= TASK GOAL =
The line containing "The Cooper is" marks the end; write out exactly every line from the start of the data up to and including it, without the pictures.

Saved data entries
- - -

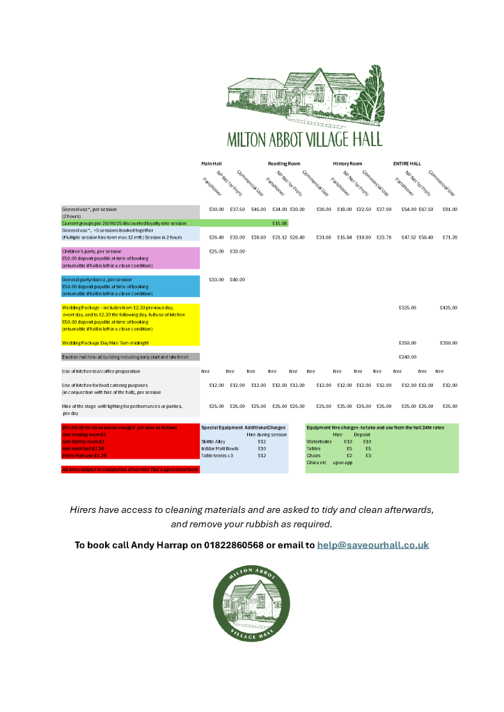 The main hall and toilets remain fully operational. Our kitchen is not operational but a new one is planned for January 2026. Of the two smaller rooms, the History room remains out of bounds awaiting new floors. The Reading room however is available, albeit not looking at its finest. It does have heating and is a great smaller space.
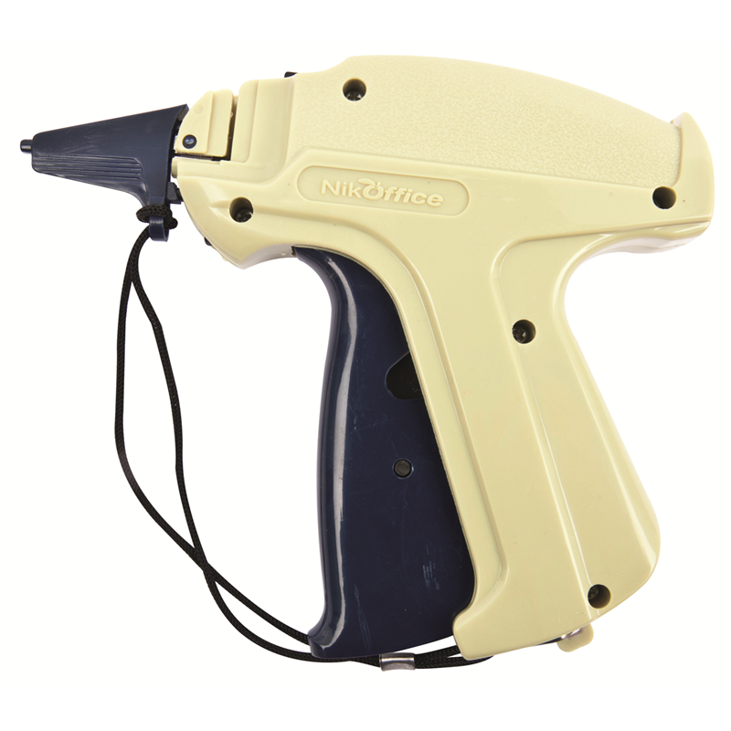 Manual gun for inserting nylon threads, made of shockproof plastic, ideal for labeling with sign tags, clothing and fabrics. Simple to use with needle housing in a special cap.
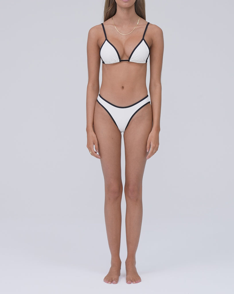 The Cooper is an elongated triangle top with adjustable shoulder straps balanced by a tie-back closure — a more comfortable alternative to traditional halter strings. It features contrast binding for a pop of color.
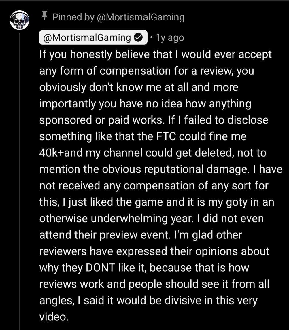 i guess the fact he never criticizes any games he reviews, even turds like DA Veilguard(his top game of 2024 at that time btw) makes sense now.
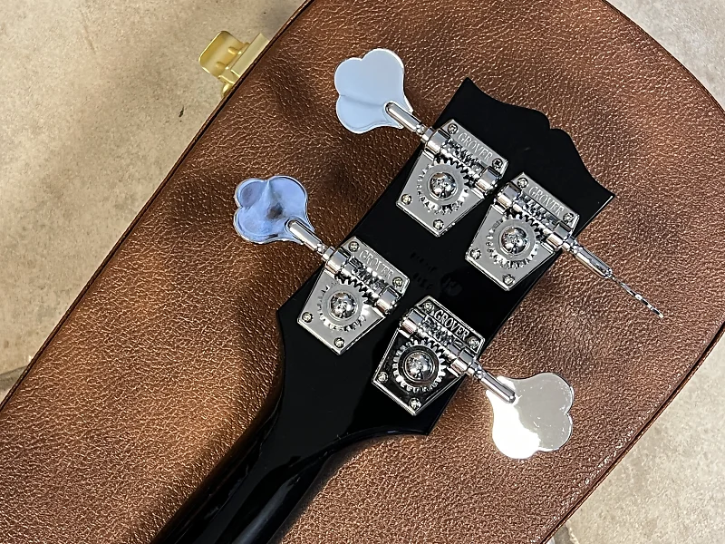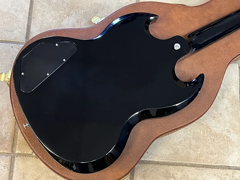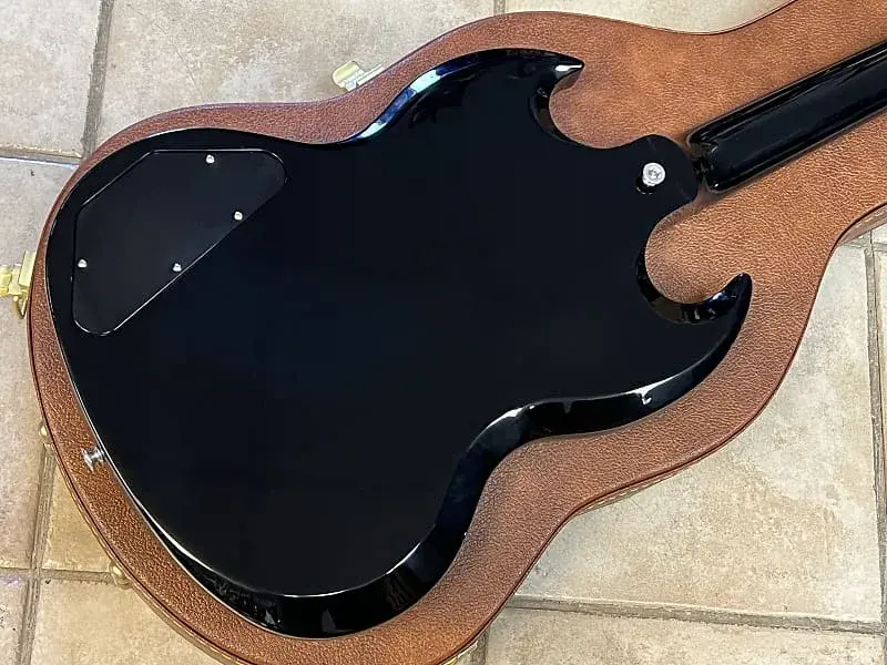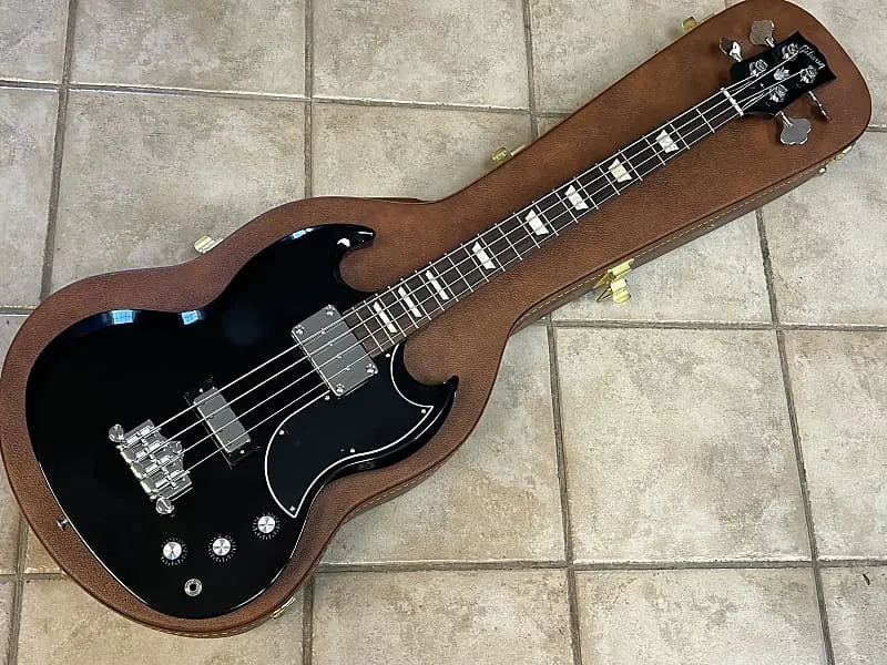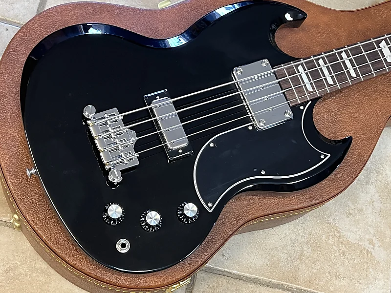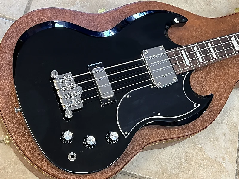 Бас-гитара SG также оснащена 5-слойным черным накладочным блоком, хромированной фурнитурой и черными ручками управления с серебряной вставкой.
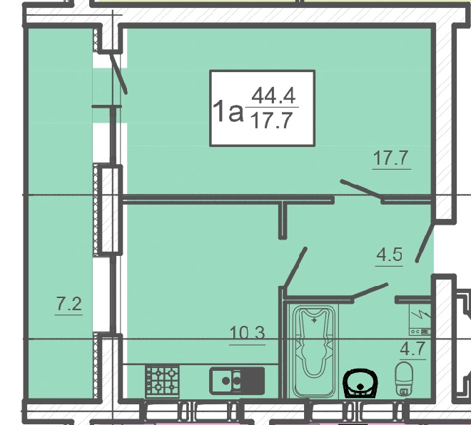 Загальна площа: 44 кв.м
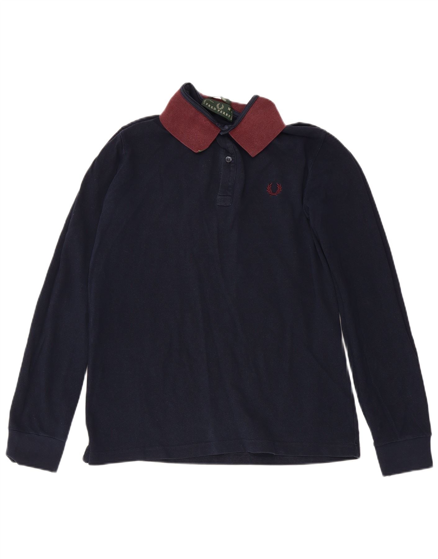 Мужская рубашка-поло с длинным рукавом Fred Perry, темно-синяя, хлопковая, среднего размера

- - -

= SOLUTION TO THE EXERCISE =
 The main hall and toilets remain fully operational. Our kitchen is not operational but a new one is planned for January 2026. Of the two smaller rooms, the History room remains out of bounds awaiting new floors. The Reading room however is available, albeit not looking at its finest. It does have heating and is a great smaller space.
 Manual gun for inserting nylon threads, made of shockproof plastic, ideal for labeling with sign tags, clothing and fabrics. Simple to use with needle housing in a special cap.
 The Cooper is an elongated triangle top with adjustable shoulder straps balanced by a tie-back closure — a more comfortable alternative to traditional halter strings. It features contrast binding for a pop of color.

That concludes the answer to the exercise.